--- Exercise data ---

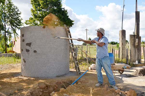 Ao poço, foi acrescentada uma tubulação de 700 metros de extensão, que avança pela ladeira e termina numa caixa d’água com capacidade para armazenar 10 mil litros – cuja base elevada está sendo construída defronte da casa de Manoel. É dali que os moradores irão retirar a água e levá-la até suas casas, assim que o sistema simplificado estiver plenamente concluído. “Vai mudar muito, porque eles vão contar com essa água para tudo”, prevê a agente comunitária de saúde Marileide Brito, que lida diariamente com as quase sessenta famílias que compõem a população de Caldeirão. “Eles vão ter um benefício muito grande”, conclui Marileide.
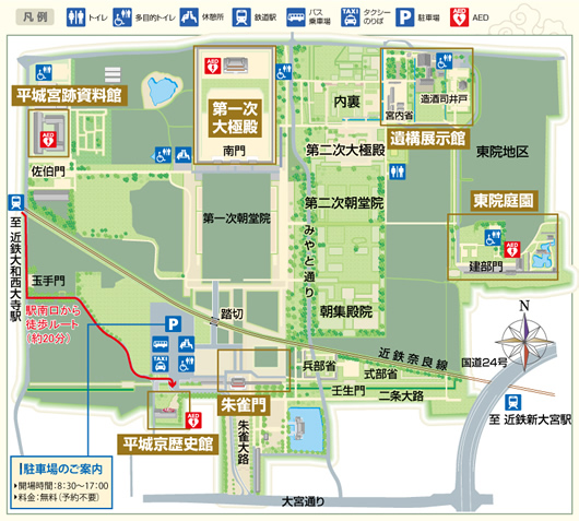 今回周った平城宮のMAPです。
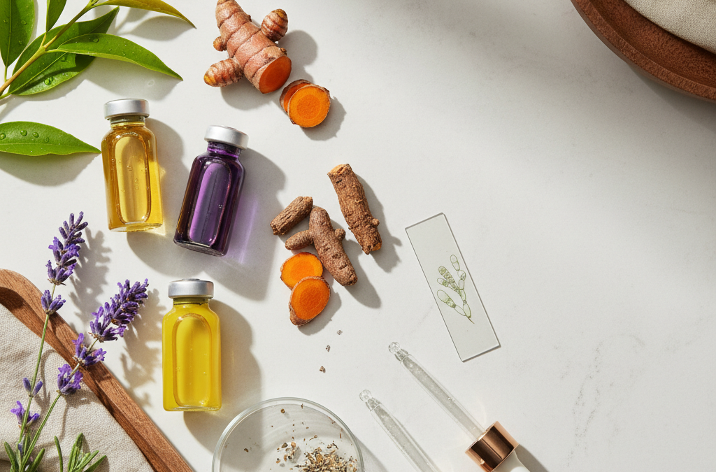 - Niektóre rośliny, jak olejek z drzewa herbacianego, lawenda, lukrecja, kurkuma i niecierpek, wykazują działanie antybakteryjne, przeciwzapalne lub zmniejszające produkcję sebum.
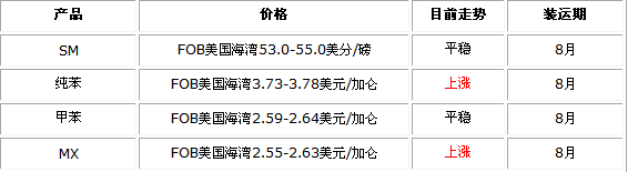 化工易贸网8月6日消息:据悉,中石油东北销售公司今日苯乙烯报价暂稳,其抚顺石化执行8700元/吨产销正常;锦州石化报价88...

---
--- Exercise data ---

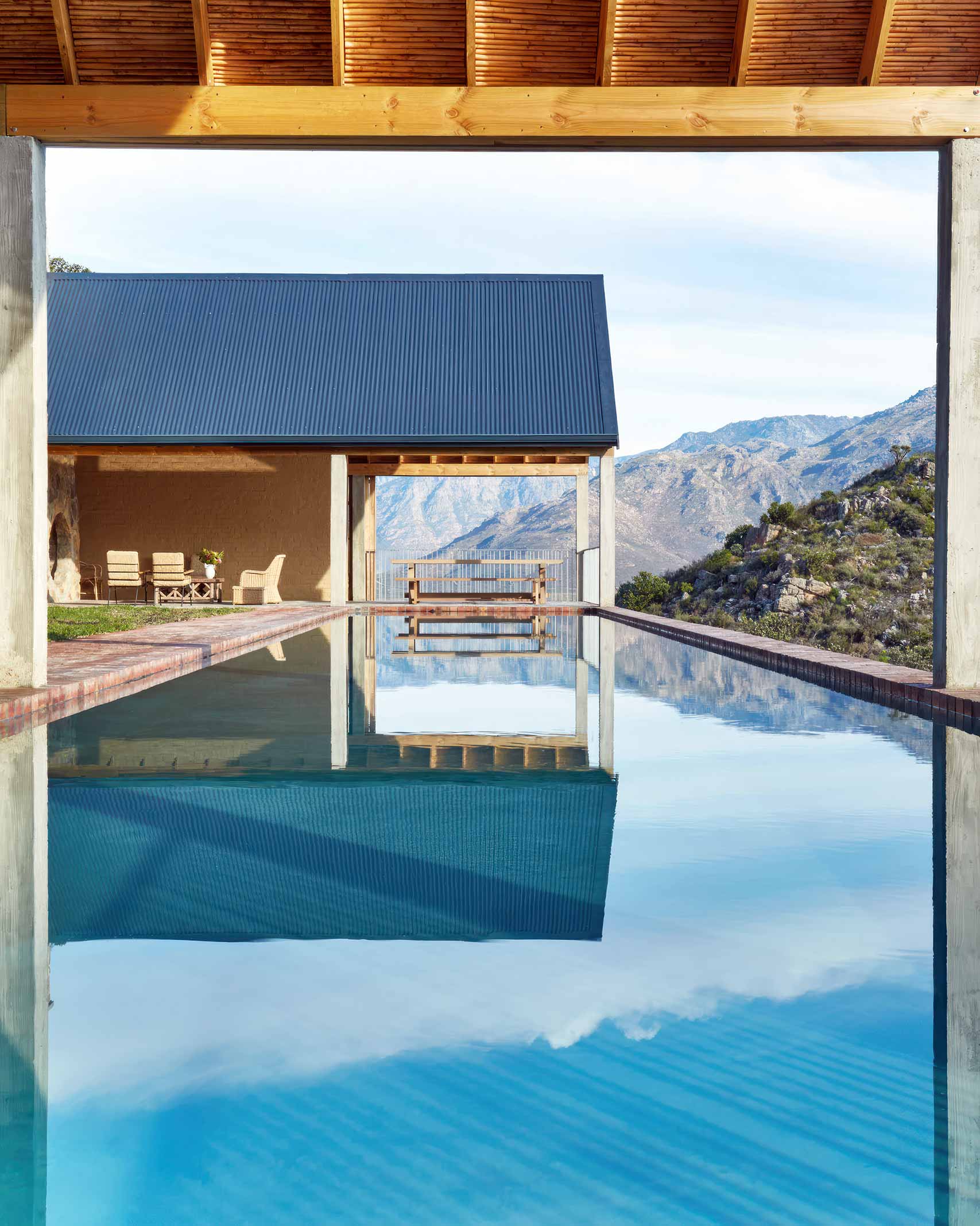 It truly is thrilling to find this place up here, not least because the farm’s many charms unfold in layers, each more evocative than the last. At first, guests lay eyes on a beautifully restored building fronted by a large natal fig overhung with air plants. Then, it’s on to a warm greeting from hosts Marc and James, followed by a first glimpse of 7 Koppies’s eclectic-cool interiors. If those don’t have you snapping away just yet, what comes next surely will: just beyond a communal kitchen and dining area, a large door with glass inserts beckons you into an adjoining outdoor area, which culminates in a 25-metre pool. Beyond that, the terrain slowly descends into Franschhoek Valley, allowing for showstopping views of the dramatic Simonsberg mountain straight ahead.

---
--- Exercise data ---

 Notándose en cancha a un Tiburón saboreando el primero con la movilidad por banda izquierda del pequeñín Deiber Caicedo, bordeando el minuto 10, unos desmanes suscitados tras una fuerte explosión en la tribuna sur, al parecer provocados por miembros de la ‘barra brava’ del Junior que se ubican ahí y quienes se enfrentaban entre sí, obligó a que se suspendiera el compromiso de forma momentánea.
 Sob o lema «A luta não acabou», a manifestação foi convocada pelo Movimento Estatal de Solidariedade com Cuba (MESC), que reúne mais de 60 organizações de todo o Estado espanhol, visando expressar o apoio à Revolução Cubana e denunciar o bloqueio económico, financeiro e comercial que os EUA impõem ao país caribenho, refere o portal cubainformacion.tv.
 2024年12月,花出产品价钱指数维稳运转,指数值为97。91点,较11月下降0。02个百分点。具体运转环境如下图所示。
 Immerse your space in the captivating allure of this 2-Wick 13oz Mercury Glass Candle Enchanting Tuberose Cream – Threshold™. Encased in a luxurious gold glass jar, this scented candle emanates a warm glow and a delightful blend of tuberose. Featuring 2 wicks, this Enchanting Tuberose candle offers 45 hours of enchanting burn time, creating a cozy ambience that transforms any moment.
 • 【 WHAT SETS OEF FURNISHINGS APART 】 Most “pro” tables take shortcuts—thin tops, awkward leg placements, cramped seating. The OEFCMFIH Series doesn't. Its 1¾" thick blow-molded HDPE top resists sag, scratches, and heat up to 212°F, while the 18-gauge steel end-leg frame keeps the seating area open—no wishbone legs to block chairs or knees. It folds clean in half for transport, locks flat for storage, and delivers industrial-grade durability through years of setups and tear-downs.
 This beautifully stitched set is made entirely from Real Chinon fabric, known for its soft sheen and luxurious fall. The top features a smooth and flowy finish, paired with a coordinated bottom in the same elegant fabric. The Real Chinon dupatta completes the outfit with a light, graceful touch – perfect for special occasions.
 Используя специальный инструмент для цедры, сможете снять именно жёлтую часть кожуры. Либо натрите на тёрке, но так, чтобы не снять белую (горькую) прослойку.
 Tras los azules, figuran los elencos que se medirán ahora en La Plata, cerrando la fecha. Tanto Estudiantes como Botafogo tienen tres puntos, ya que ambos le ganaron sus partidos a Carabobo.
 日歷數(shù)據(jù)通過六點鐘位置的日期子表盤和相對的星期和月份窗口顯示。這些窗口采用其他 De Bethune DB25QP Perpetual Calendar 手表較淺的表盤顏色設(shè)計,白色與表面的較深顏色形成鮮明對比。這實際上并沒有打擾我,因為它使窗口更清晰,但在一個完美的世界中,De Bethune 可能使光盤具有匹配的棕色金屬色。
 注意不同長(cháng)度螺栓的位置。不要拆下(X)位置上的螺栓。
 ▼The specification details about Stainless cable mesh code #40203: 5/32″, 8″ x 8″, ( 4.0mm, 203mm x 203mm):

---

Your assignment >> Everything in the material above from the line that has "日歷數(shù)據(jù)通過六點鐘位置的日期子表盤和相對的星期和月份窗口顯示。這些窗口采用其他 De Bethune" through the line that has "specification details about" must be duplicated exactly, with no other lines given.

Solution for this exercise >>
 日歷數(shù)據(jù)通過六點鐘位置的日期子表盤和相對的星期和月份窗口顯示。這些窗口采用其他 De Bethune DB25QP Perpetual Calendar 手表較淺的表盤顏色設(shè)計,白色與表面的較深顏色形成鮮明對比。這實際上并沒有打擾我,因為它使窗口更清晰,但在一個完美的世界中,De Bethune 可能使光盤具有匹配的棕色金屬色。
 注意不同長(cháng)度螺栓的位置。不要拆下(X)位置上的螺栓。
 ▼The specification details about Stainless cable mesh code #40203: 5/32″, 8″ x 8″, ( 4.0mm, 203mm x 203mm):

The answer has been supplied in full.